Wednesday, June 15, 2011

You can't manufacture in South Carolina?

The dispute between airplane maker Boeing and the Machinists union could be the labor fight of the decade. Boeing has built a new assembly plant in North Charleston, S.C., a testament to the resilience of the Charleston area, which had its signature U.S. Navy shipyard yanked away by base realignment. Charleston lost thousands of jobs when the Navy pulled out, and landing Boeing's highly sought-after 787 Dreamliner factory promised a new era in the South Carolina Lowcountry.

But Machinists in Washington state complained that the new assembly plant was a violation of federal labor law and appealed to the National Labor Relations Board, which found that building a new factory in a non-union state violates labor law. Who would've thought it? That decision is now on appeal and will likely end up in federal court.
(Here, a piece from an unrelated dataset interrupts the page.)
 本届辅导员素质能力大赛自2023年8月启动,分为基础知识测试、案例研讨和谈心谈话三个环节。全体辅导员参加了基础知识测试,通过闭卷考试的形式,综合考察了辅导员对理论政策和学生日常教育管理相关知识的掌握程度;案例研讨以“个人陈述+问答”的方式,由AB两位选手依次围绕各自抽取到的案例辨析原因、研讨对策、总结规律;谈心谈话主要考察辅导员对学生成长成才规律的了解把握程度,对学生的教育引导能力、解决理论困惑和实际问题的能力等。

This fight comes after Democrats gave up their plans to acquiesce to labor's demands for "card check" unionization, which would eliminate secret ballot elections for unionizing. Democrats never brought the issue to a vote, even when they had strong majorities in Congress after the 2008 elections.
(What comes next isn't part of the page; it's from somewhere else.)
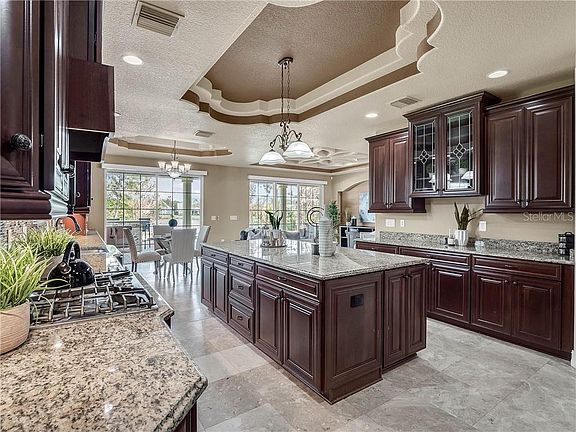 Masterful design and modern luxury are uniquely embodied in this beautiful 5 bedroom, 5 bath waterfront home. As you drive up the expansive brick paver driveway you're met with mature landscaping and a 3-car garage. The grand entryway draws you into a layout made for entertaining. The home boasts an open floor plan with wall-to-wall sliding glass doors showcasing views of the water. The patio features a summer kitchen and sparkling swimming pool with sun shelf. A full pool bath is located on the first floor along with an office that could be used as an additional bedroom. The gourmet kitchen is updated with premium finishes and fixtures including custom cabinets, granite counter-tops, wine fridge, a gas range, and stainless steel appliances. Spacious room sizes include two master suites, one on the first floor and another on the 2nd floor, both with water and pool views. Every detail was meticulously selected and quality crafted in each of the master suites. Both divine master bathrooms present a soaking tub and double vanities. Two bedrooms on the second floor share a jack & jill bathroom and the 5th bedroom has it's own full bath. The second floor also includes a home theater room that is fully equipped with surround sound and an oversized balcony overlooking the saltwater pool and waterfront. Ideally located in a great school district, and 10 minutes to Disney! Windermere also offers great local entertainment, dining, boutique shops, Butler Chain of Lakes access, tennis courts, and golfing. This is it!

Boeing apparently made no secret of the fact that it wanted to build a new assembly plant in a location that would not be subject to labor unrest. Machinists had gone on strike four times from 1989 to 2008. A Boeing official said the company could not afford to stop production every three years. Charleston was just one of several locations, including Kinston, N.C., that Boeing considered.
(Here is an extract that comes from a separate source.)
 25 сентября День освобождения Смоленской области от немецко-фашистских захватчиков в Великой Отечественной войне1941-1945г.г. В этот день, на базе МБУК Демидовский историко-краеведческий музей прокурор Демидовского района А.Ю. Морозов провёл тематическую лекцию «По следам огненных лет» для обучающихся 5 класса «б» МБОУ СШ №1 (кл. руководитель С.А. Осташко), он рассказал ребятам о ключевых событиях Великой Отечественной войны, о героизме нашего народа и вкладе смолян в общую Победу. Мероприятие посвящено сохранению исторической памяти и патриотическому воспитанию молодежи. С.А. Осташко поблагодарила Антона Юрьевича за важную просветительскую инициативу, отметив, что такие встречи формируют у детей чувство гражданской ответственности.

If labor law prohibits a company from building new factories, that has to come as a surprise to most people. The steel industry, automobile manufacturing, textiles and other manufacturing moved production from heavily unionized northern cities to "right to work" states throughout much of the 20th century. In the latter part of that century, companies moved manufacturing from the South to even lower-wage factories in foreign countries. Reducing costs is a motivating factor in any competitive environment.

Apparently it is not wages that motivated Boeing's move but production consistency. When you're selling multi-million-dollar aircraft, a strike every few years is extremely expensive, and Airbus, the European consortium, is all too eager to make up for Boeing's production delays. The Charleston facility, which is already built, would supplement Boeing's Washington plant. No union members in Washington have lost their jobs, nor have wages been cut. All that Boeing has done is ensure the continuation of its production schedule. The NLRB has found that to be a violation of federal law. If the courts finds that to be illegal, manufacturing in this country is truly endangered.